## RECORDS FOR PROCESSING:
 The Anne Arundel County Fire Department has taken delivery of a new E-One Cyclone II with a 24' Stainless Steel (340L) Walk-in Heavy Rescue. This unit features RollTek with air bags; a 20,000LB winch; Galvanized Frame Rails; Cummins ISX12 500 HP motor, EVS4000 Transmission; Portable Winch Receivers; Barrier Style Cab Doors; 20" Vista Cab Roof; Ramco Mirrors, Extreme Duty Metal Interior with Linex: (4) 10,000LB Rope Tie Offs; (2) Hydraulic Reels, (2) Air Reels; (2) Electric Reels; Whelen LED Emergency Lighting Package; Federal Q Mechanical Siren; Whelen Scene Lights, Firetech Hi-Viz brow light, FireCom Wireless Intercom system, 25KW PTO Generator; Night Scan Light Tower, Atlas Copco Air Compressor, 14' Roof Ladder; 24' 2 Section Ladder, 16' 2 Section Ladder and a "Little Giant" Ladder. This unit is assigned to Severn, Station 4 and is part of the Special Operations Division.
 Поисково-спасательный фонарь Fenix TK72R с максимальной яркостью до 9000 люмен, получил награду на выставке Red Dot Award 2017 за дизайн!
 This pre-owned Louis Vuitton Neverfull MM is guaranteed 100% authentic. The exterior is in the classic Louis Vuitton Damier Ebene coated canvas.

...

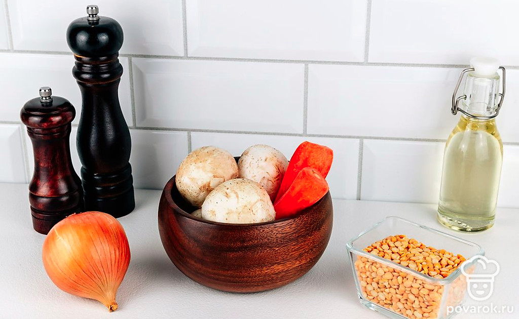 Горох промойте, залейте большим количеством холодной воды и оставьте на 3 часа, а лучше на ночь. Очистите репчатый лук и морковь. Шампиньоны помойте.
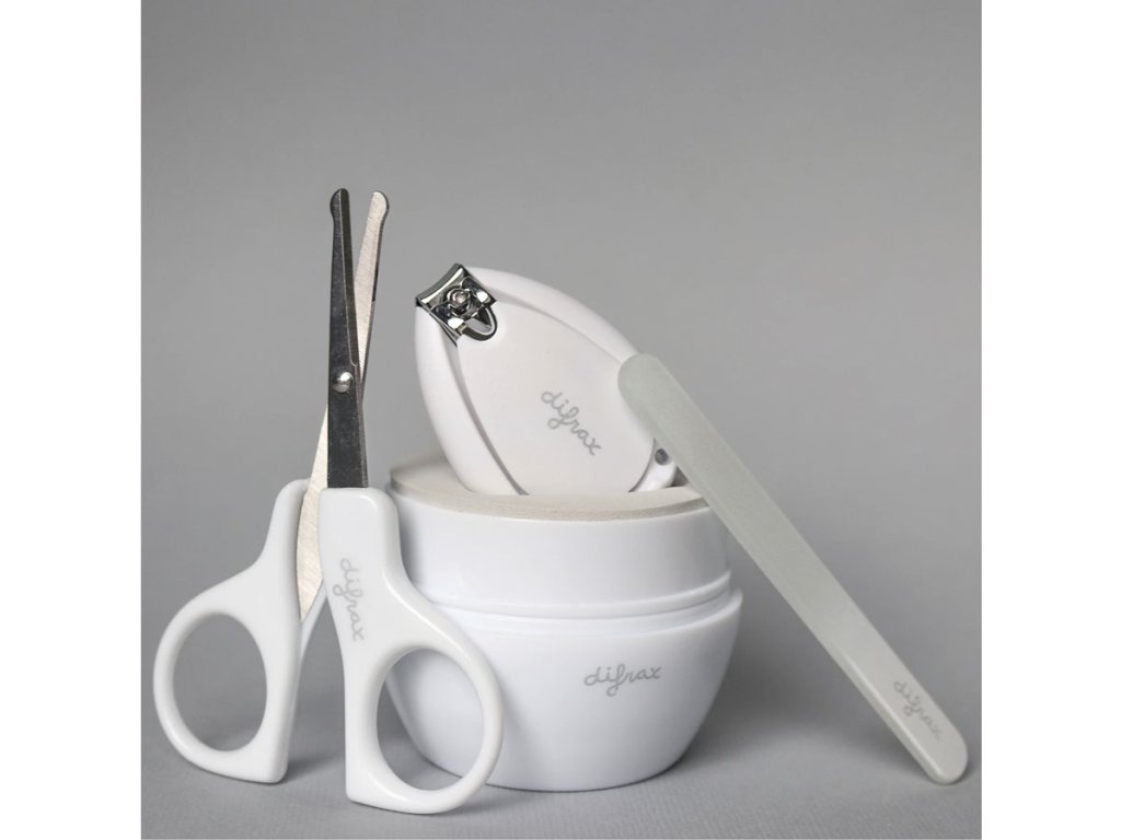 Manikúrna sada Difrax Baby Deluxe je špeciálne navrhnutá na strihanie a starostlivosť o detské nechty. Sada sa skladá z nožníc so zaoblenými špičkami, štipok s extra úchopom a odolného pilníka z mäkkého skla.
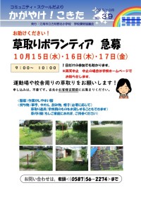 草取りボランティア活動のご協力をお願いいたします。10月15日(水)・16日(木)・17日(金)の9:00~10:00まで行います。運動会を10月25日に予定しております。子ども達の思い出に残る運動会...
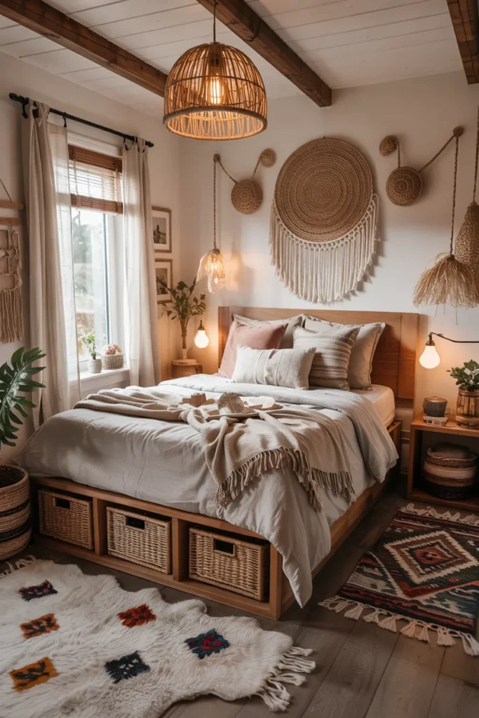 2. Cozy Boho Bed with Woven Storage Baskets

* * *

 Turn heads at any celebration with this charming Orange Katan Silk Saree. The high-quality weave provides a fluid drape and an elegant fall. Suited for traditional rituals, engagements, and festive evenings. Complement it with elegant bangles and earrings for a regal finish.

## WHAT IS BEING ASKED:
Transcribe, exactly and without pictures, everything in the data from the line with "Горох промойте, залейте" down to the line with "2. Cozy Boho Bed with Woven Storage Baskets", both included.

## REPLY:
 Горох промойте, залейте большим количеством холодной воды и оставьте на 3 часа, а лучше на ночь. Очистите репчатый лук и морковь. Шампиньоны помойте.
 Manikúrna sada Difrax Baby Deluxe je špeciálne navrhnutá na strihanie a starostlivosť o detské nechty. Sada sa skladá z nožníc so zaoblenými špičkami, štipok s extra úchopom a odolného pilníka z mäkkého skla.
 草取りボランティア活動のご協力をお願いいたします。10月15日(水)・16日(木)・17日(金)の9:00~10:00まで行います。運動会を10月25日に予定しております。子ども達の思い出に残る運動会...
 2. Cozy Boho Bed with Woven Storage Baskets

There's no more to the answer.